(Dataset excerpt Opens)
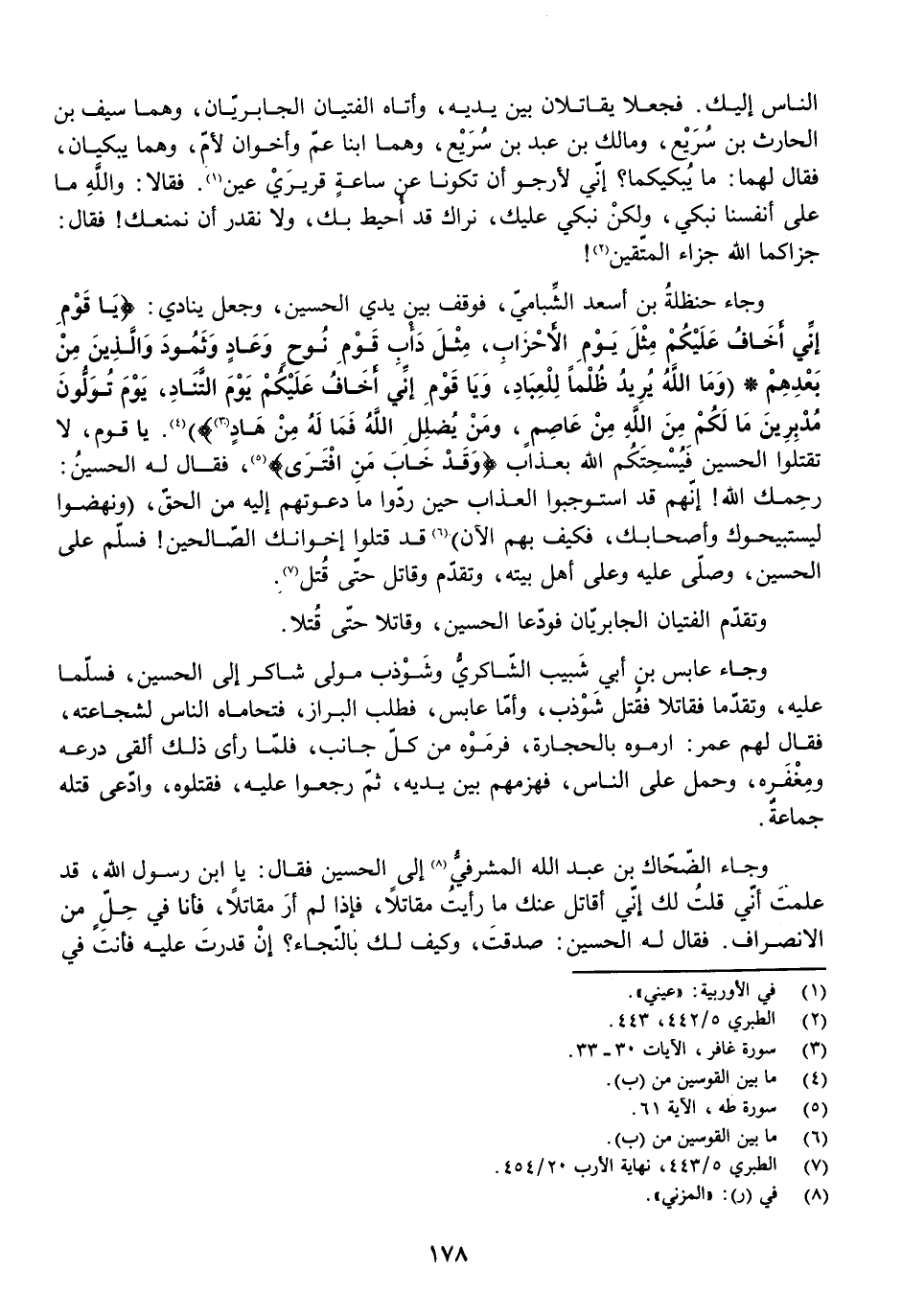 وَجَاءَ حَنْظَلَةُ بْنُ أَسْعَدَ الشِّبَامِيُّ فَوَقَفَ بَيْنَ يَدَيِ الْحُسَيْنِ وَجَعَلَ يُنَادِي: {يَاقَوْمِ إِنِّي أَخَافُ عَلَيْكُمْ مِثْلَ يَوْمِ الْأَحْزَابِ - مِثْلَ دَأْبِ قَوْمِ نُوحٍ وَعَادٍ وَثَمُودَ وَالَّذِينَ مِنْ بَعْدِهِمْ وَمَا اللَّهُ يُرِيدُ ظُلْمًا لِلْعِبَادِ - وَيَا قَوْمِ إِنِّي أَخَافُ عَلَيْكُمْ يَوْمَ التَّنَادِ - يَوْمَ تُوَلُّونَ مُدْبِرِينَ مَا لَكُمْ مِنَ اللَّهِ مِنْ عَاصِمٍ وَمَنْ يُضْلِلِ اللَّهُ فَمَا لَهُ مِنْ هَادٍ} [غافر: 30 - 33] . يَا قَوْمِ لَا تَقْتُلُوا الْحُسَيْنَ فَيُسْحِتَكُمُ اللَّهُ بِعَذَابٍ {وَقَدْ خَابَ مَنِ افْتَرَى} [طه: 61] ، فَقَالَ لَهُ الْحُسَيْنُ: رَحِمَكَ اللَّهُ! إِنَّهُمْ قَدِ اسْتَوْجَبُوا الْعَذَابَ حِينَ رَدُّوا مَا دَعَوْتَهُمْ إِلَيْهِ مِنَ الْحَقِّ وَنَهَضُوا لِيَسْتَبِيحُوكَ وَأَصْحَابَكَ فَكَيْفَ بِهِمُ الْآنَ قَدْ قَتَلُوا إِخْوَانَكَ الصَّالِحِينَ! فَسَلَّمَ عَلَى الْحُسَيْنِ وَصَلَّى عَلَيْهِ وَعَلَى أَهْلِ بَيْتِهِ وَتَقَدَّمَ وَقَاتَلَ حَتَّى قُتِلَ.
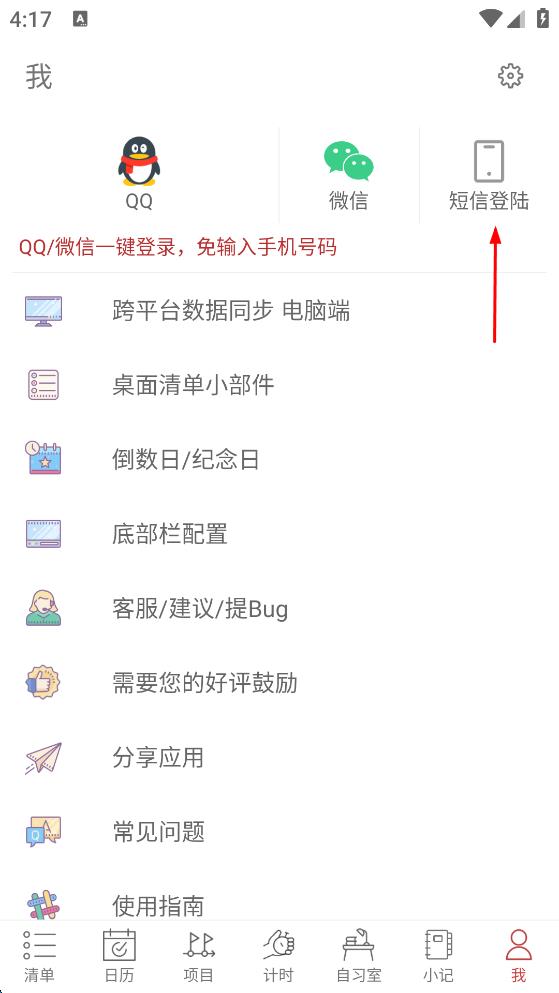 2、在“我”的頁面,點擊“短信登錄”選項。
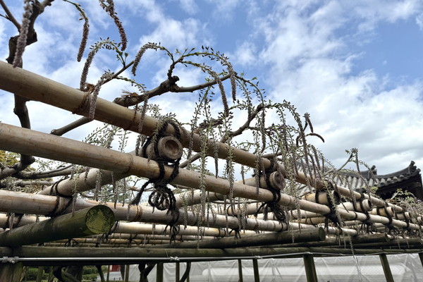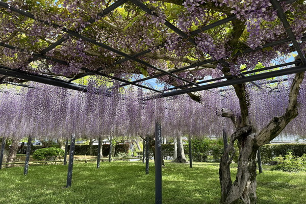 The Noda wisteria typically reaches its peak in late April; however, this year, the flower buds are developing five to six days ahead of the usual schedule. Depending on upcoming weather conditions, there is a possibility that they will reach their peak bloom as early as around April 18 of next week.
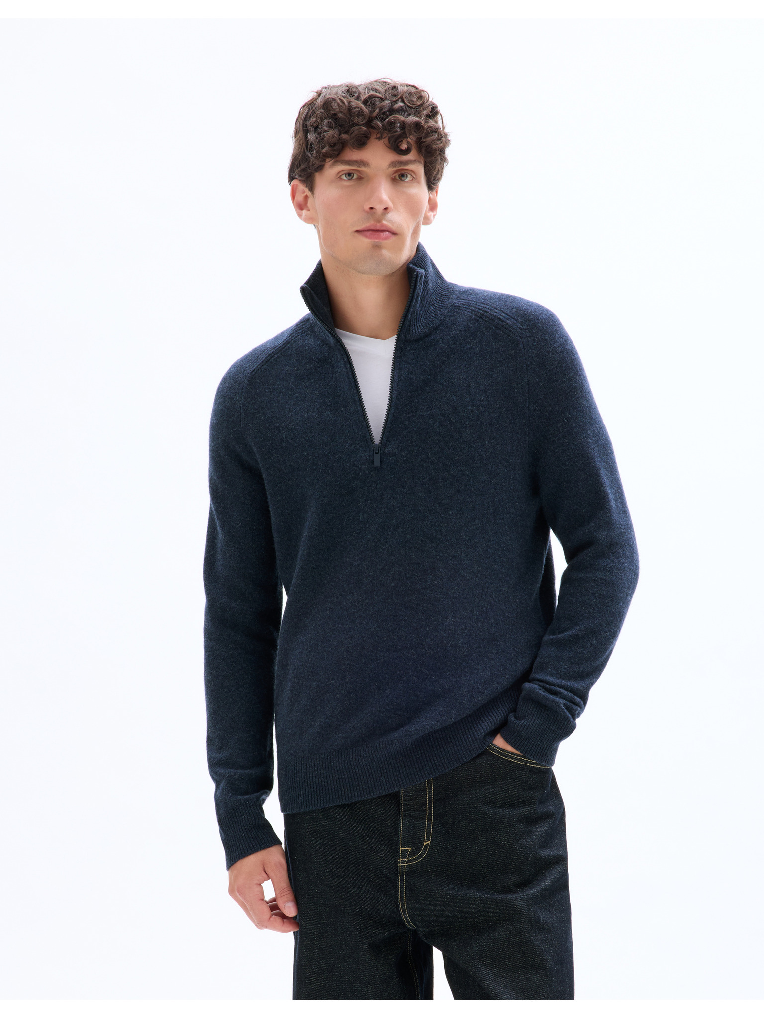 Tmavě modrý pánský kašmírový svetr s rolákem Celio Jehigh
(Dataset excerpt Closes)
- [Task prompt]: From start to finish, output the listing exactly, but omit its pictures.

- [Written response]:
 وَجَاءَ حَنْظَلَةُ بْنُ أَسْعَدَ الشِّبَامِيُّ فَوَقَفَ بَيْنَ يَدَيِ الْحُسَيْنِ وَجَعَلَ يُنَادِي: {يَاقَوْمِ إِنِّي أَخَافُ عَلَيْكُمْ مِثْلَ يَوْمِ الْأَحْزَابِ - مِثْلَ دَأْبِ قَوْمِ نُوحٍ وَعَادٍ وَثَمُودَ وَالَّذِينَ مِنْ بَعْدِهِمْ وَمَا اللَّهُ يُرِيدُ ظُلْمًا لِلْعِبَادِ - وَيَا قَوْمِ إِنِّي أَخَافُ عَلَيْكُمْ يَوْمَ التَّنَادِ - يَوْمَ تُوَلُّونَ مُدْبِرِينَ مَا لَكُمْ مِنَ اللَّهِ مِنْ عَاصِمٍ وَمَنْ يُضْلِلِ اللَّهُ فَمَا لَهُ مِنْ هَادٍ} [غافر: 30 - 33] . يَا قَوْمِ لَا تَقْتُلُوا الْحُسَيْنَ فَيُسْحِتَكُمُ اللَّهُ بِعَذَابٍ {وَقَدْ خَابَ مَنِ افْتَرَى} [طه: 61] ، فَقَالَ لَهُ الْحُسَيْنُ: رَحِمَكَ اللَّهُ! إِنَّهُمْ قَدِ اسْتَوْجَبُوا الْعَذَابَ حِينَ رَدُّوا مَا دَعَوْتَهُمْ إِلَيْهِ مِنَ الْحَقِّ وَنَهَضُوا لِيَسْتَبِيحُوكَ وَأَصْحَابَكَ فَكَيْفَ بِهِمُ الْآنَ قَدْ قَتَلُوا إِخْوَانَكَ الصَّالِحِينَ! فَسَلَّمَ عَلَى الْحُسَيْنِ وَصَلَّى عَلَيْهِ وَعَلَى أَهْلِ بَيْتِهِ وَتَقَدَّمَ وَقَاتَلَ حَتَّى قُتِلَ.
 2、在“我”的頁面,點擊“短信登錄”選項。
 The Noda wisteria typically reaches its peak in late April; however, this year, the flower buds are developing five to six days ahead of the usual schedule. Depending on upcoming weather conditions, there is a possibility that they will reach their peak bloom as early as around April 18 of next week.
 Tmavě modrý pánský kašmírový svetr s rolákem Celio Jehigh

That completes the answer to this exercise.